Contesto (oggettivo)
Le Olimpiadi Invernali Milano‑Cortina 2026 rappresentano un evento internazionale di grande portata, con impatti economici, sociali e ambientali significativi. L’adozione di materiali certificati PEFC è parte di una strategia più ampia di sostenibilità e responsabilità ambientale promossa dalle autorità locali e dagli organizzatori.
Domande Frequenti
- Qual è il ruolo del legno certificato PEFC nelle infrastrutture olimpiche?
- Il legno certificato PEFC garantisce la provenienza responsabile, la tracciabilità della filiera e il controllo documentale, contribuendo a ridurre l’impatto ambientale delle opere.
- Quanta superficie di legno è stata utilizzata nel Villaggio Olimpico di Milano?
- Circa 15 000 m² di pannelli XLam in legno certificato PEFC sono stati impiegati per le pareti di tamponamento.
- Quali benefici ambientali sono stati ottenuti con l’uso del legno PEFC?
- Nel caso del Centro del Fondo di Lago di Tesero, l’uso di legname locale ha evitato circa 60 tonnellate di CO₂ equivalente legato ai trasporti.
- Chi gestisce la certificazione PEFC in Italia?

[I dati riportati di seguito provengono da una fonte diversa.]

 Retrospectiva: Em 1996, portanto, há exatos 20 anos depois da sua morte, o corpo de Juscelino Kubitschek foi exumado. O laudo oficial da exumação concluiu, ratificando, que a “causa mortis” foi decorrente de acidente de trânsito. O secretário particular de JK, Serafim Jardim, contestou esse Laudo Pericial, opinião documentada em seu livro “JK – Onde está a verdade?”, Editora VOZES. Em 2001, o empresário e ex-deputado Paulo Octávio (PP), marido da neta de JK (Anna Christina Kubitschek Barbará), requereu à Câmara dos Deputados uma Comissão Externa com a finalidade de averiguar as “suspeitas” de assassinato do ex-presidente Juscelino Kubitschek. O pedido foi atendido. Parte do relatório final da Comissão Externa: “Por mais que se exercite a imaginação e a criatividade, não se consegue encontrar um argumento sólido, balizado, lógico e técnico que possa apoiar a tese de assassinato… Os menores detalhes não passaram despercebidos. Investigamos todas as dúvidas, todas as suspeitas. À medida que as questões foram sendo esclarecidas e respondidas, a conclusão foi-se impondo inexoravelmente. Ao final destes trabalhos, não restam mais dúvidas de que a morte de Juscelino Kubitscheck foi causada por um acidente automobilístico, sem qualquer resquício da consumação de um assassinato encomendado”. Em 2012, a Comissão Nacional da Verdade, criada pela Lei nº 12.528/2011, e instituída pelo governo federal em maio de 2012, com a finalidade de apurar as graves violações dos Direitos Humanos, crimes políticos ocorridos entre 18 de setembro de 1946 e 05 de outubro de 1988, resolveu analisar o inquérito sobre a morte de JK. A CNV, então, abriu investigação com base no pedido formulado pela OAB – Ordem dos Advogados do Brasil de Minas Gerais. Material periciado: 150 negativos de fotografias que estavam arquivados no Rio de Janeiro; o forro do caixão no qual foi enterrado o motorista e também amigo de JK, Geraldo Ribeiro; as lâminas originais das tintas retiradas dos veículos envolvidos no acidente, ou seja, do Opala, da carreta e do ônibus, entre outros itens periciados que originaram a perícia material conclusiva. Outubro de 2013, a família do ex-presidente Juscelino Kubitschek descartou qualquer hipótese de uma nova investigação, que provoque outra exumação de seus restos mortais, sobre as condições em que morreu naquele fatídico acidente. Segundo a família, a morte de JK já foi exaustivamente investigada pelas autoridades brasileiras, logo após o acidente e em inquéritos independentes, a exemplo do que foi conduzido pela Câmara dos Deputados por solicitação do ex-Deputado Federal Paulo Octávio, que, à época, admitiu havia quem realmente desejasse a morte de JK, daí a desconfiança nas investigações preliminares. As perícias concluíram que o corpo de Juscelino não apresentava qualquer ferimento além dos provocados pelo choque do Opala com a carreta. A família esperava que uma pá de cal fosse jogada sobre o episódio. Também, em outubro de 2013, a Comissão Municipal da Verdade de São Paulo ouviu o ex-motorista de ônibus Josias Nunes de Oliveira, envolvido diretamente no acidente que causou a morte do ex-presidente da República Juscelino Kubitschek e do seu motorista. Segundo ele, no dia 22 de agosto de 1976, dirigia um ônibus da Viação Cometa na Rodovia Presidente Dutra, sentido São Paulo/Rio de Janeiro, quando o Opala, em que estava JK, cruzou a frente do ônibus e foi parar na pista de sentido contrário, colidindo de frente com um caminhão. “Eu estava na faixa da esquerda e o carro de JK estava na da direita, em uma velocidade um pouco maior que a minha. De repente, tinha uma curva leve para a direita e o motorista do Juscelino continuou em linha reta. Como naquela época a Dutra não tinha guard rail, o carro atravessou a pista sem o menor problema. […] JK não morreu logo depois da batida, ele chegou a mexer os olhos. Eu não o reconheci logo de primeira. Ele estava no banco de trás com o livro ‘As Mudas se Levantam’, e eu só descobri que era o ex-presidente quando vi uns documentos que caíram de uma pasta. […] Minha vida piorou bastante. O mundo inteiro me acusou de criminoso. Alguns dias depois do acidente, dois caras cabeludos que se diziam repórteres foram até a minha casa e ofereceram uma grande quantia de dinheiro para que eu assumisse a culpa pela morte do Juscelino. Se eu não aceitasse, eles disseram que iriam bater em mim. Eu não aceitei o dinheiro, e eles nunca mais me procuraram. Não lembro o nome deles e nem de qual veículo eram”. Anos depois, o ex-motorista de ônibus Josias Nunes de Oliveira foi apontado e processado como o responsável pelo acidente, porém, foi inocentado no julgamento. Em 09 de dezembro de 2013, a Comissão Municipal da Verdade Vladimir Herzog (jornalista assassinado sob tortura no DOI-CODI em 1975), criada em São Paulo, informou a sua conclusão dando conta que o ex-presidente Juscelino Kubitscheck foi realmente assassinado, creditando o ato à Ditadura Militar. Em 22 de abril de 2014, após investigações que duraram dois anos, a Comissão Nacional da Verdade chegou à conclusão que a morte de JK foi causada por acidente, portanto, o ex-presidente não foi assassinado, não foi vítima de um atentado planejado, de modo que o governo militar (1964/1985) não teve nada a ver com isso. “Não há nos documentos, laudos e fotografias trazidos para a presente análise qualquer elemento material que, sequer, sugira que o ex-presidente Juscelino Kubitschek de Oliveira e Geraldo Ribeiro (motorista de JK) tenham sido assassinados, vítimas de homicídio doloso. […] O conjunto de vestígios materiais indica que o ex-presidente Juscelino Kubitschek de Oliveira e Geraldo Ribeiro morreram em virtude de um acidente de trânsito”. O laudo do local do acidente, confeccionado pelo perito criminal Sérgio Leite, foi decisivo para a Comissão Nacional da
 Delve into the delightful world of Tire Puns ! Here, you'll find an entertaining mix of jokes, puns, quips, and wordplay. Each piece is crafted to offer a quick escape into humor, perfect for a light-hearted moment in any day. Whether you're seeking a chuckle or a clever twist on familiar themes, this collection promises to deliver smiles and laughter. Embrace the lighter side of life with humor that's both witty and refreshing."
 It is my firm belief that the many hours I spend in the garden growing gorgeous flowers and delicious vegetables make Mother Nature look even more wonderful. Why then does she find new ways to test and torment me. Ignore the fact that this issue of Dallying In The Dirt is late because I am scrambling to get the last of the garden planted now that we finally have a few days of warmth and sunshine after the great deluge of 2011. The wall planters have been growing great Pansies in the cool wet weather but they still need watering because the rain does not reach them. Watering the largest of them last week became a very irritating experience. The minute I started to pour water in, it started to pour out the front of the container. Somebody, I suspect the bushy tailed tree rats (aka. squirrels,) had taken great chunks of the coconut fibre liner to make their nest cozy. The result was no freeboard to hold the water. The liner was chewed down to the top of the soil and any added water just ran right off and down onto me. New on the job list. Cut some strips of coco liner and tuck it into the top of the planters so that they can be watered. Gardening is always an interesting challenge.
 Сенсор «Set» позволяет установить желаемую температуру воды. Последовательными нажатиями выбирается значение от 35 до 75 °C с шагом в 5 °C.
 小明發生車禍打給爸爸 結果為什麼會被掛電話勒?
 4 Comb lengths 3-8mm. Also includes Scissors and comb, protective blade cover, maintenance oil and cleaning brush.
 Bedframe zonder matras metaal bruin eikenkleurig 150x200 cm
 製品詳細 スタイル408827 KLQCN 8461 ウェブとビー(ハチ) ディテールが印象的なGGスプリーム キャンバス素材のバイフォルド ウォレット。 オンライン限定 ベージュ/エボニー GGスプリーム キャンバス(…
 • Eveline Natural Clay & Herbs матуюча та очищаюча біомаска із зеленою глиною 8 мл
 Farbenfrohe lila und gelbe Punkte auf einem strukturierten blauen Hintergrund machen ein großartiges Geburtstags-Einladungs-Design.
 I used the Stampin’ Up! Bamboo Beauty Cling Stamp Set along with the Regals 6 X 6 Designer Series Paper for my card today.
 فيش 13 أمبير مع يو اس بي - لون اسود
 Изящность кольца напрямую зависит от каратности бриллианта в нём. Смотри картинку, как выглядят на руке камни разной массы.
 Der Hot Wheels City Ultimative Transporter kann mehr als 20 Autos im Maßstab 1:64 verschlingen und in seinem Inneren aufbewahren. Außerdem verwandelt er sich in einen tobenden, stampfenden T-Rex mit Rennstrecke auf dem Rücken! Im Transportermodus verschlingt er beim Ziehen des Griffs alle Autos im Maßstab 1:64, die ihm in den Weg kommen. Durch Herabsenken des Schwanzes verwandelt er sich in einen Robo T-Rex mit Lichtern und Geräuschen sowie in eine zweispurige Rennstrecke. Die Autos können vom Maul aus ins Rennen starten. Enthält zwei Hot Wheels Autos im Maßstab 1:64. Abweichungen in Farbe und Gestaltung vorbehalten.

- PEFC Italia è l’associazione nazionale che governa il sistema di certificazione PEFC, garantendo la tracciabilità e la sostenibilità delle foreste gestite.
- Qual è l’impatto della certificazione PEFC sulle decisioni progettuali?
- La certificazione rende la sostenibilità un requisito misurabile, influenzando le scelte di materiali e le pratiche di gestione forestale nei progetti infrastrutturali.